El próximo Venice Biennale marcará un hito significativo, ya que será la primera vez que Rusia participe desde el inicio de su guerra en Ucrania en 2022. Sin embargo, esta decisión ha generado un intenso malestar, tanto dentro como fuera de Ucrania. La respuesta más contundente provino del gobierno ucraniano, que ha exigido la exclusión de Rusia de la Bienal, argumentando que el evento no debe convertirse en un escenario que blanquee los crímenes de guerra perpetrados por el Kremlin.

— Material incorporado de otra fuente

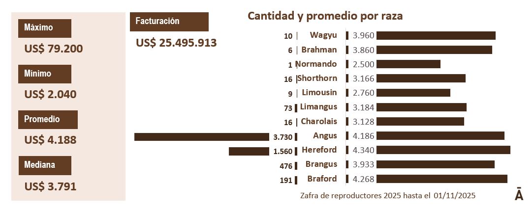 Del total de las ventas, el 58,9% de los toros cotizaron por debajo de ese valor medio. En tanto que la mediana se posicionó en US$ 3.840 y tuvo un aumento 23% entre zafras, mientras que el valor más repetido (moda) en la zafra fue US$ 3.600 para 560 toros.
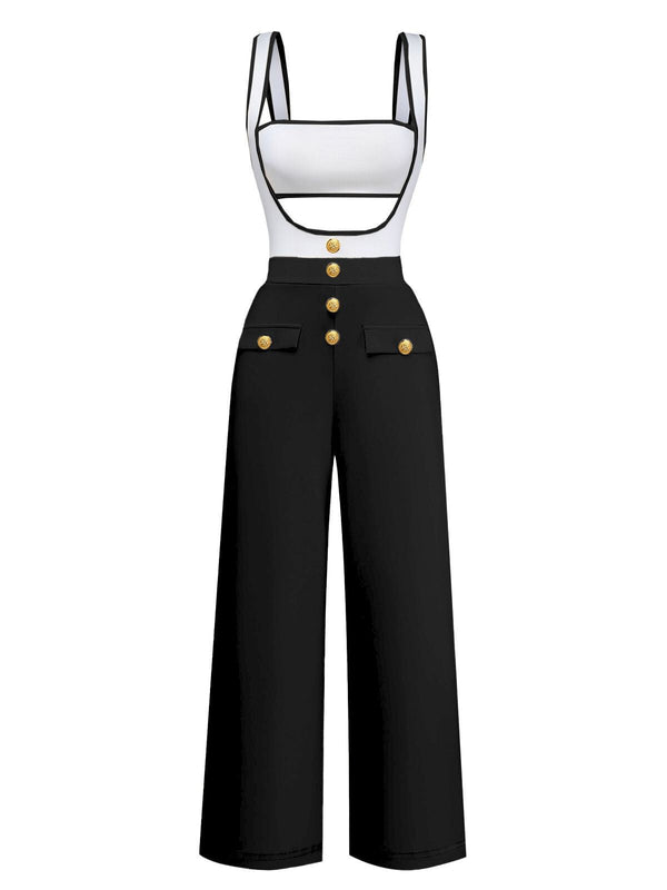 1950er Trägerlos Cut-Out Patchwork Jumpsuit Set
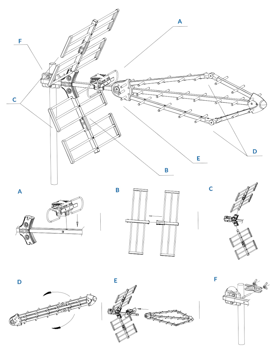 Części anteny wykonane są z aluminium, a stalowe elementy konstrukcyjne zostały ocynkowane galwanicznie
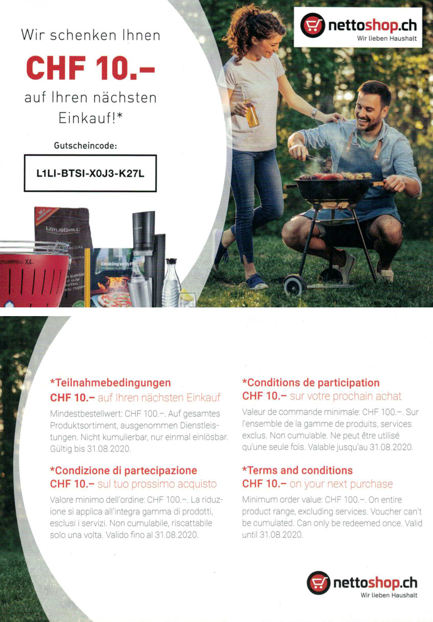 Bei nettoshop gibt es mit dem Code L1LI-BTSI-X0J3-K27L einen Rabatt von CHF 10.- Rabatt auf alles (ausser Dienstleistungen) ab einem Bestellwert von CHF 100.- (gültig bis 31.8.2020).
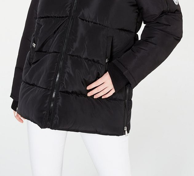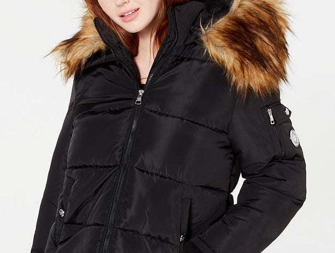 Madden Girl Junior's Hooded Faux Fur Trim Puffer Coat Black Size X-Small
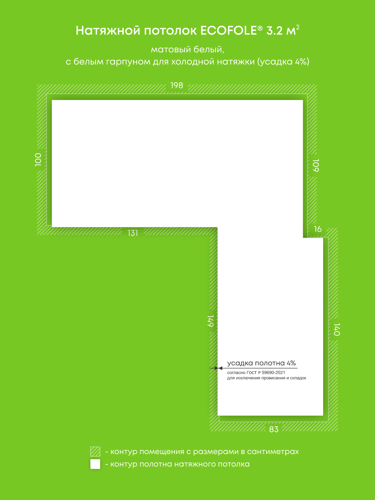 Натяжные потолки, изготовленные по индивидуальным размерам покупателя, для четырех помещений площадью 3.2 м2, 7.8 м2, 9.6 м2, 2 м2
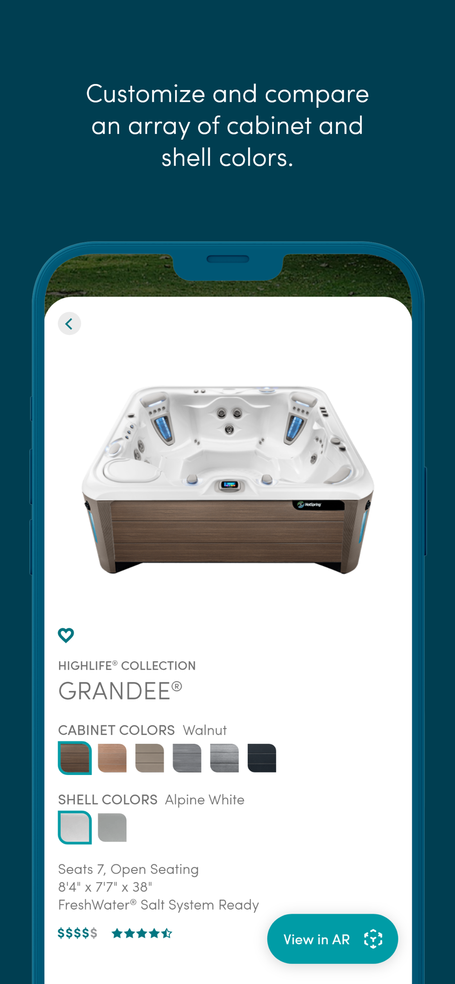 Take out the guesswork from choosing your perfect spa by visualizing how it will look in any space you choose - before you buy. With Virtual View™ AR by Hot Spring you can:
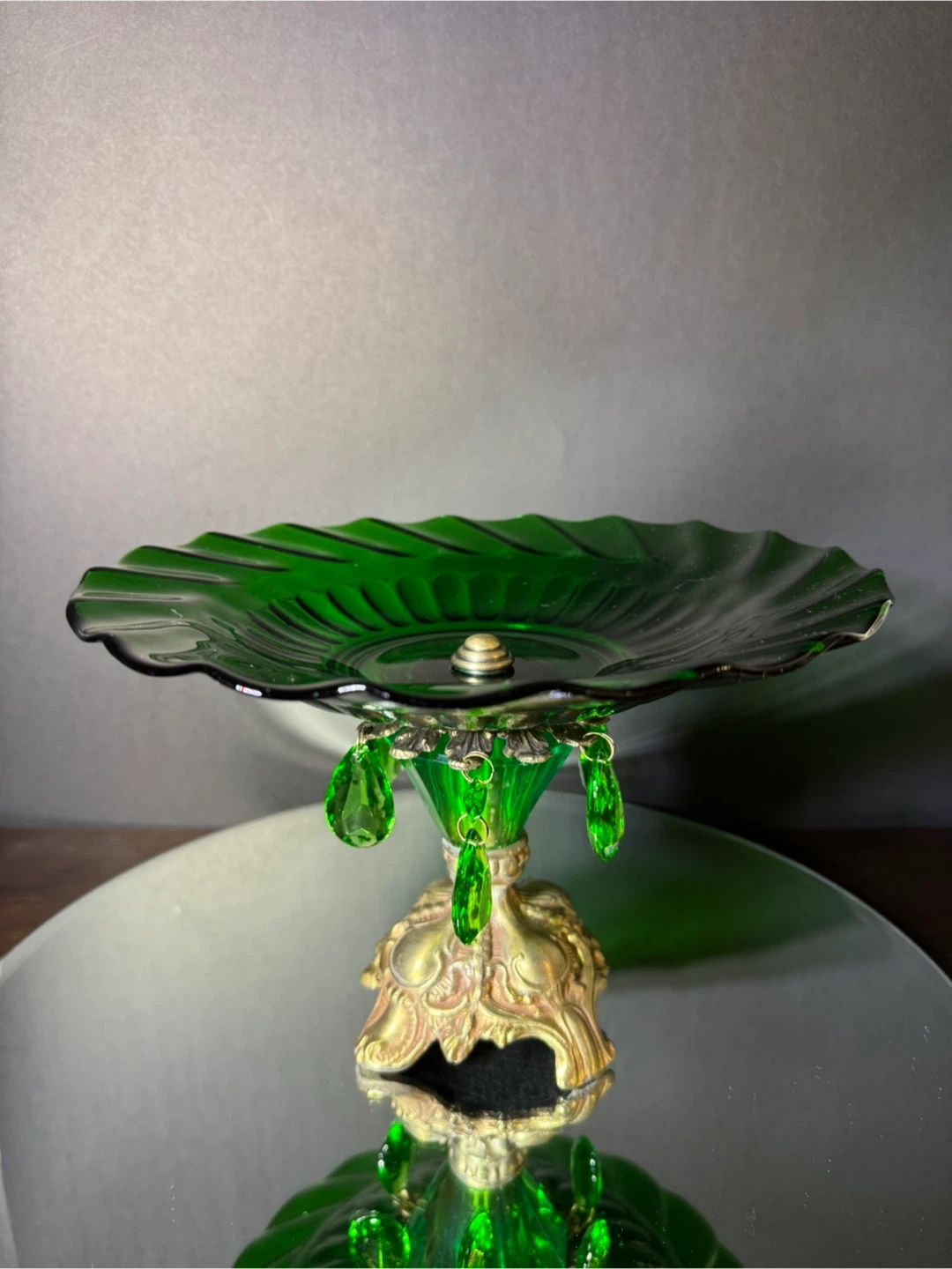 Here's a lovely vintage green glass and brass base dessert stand! It would be perfect for displaying cupcakes or other treats. High 6.5 inch,diameter 10 inch
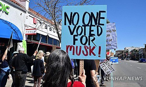 미국 캘리포니아 테슬라 매장 앞에서 '머스크 반대' 시위 벌이는 시민들 |
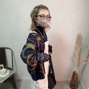 paisley pattern mohair knit CD【Navy】

El ministro de Relaciones Exteriores de Ucrania, Andrii Sybiha, subrayó en un comunicado que, dada la influencia significativa del Venice Biennale en el mundo del arte, su inclusión representa una falta de responsabilidad con respecto a la guerra que Rusia sigue librando contra el pueblo ucraniano y su patrimonio cultural. Sybiha recordó que, en años anteriores, el evento había denunciado abiertamente la invasión rusa, albergando una instalación centrada en Ucrania en 2022, precisamente en el mismo parque donde se ubicará la nueva pavilion rusa.
Desde 2019, Rusia había estado ausente del Biennale, y en 2022, su pabellón fue cerrado al público. A pesar de este contexto, autoridades rusas han presentado el regreso de su pabellón, que contará con una variedad de artistas bajo la curaduría de Anastasia Karneeva, como un esfuerzo consciente por seguir explorando nuevas formas de creatividad, lejos de interpretaciones de vuelta a la normalidad.
A medida que aumentan las tensiones, una carta abierta circula, firmada por figuras prominentes como la vicepresidenta del Parlamento Europeo, Pina Picierno, y Nadya Tolokonnikova de Pussy Riot, que exige que la Bienal no acepte la participación rusa. Los firmantes coinciden en que la noción de que “la cultura está por encima de la política” no es una afirmación neutral, y en el caso de Rusia, se ha convertido en un instrumento para promover agresiones gubernamentales.
La polémica ha suscitado protestas organizadas por Pussy Riot, quienes han anunciado su intención de intervenir en la Bienal para expresar apoyo incondicional a Ucrania y a todos aquellos que han sufrido a causa de la guerra.
Asimismo, el ministro de Relaciones Exteriores de Lituania, Kęstutis Budrys, ha tildado de “abhorrente” la decisión de permitir que Rusia participe, resaltando que no se puede volver a un “negocio como siempre” con un país que lleva a cabo tales actos de violencia.
A medida que se acerca la Bienal, los debates sobre la intersección entre arte y política se intensifican, revelando las complejidades que enfrenta el mundo artístico en un paisaje geopolítico cada vez más dividido. La presión sobre la Bienal para que mantenga su posición de neutralidad y no sea vista como cómplice de las acciones del estado ruso se convierte en un tema central que captará la atención mundial.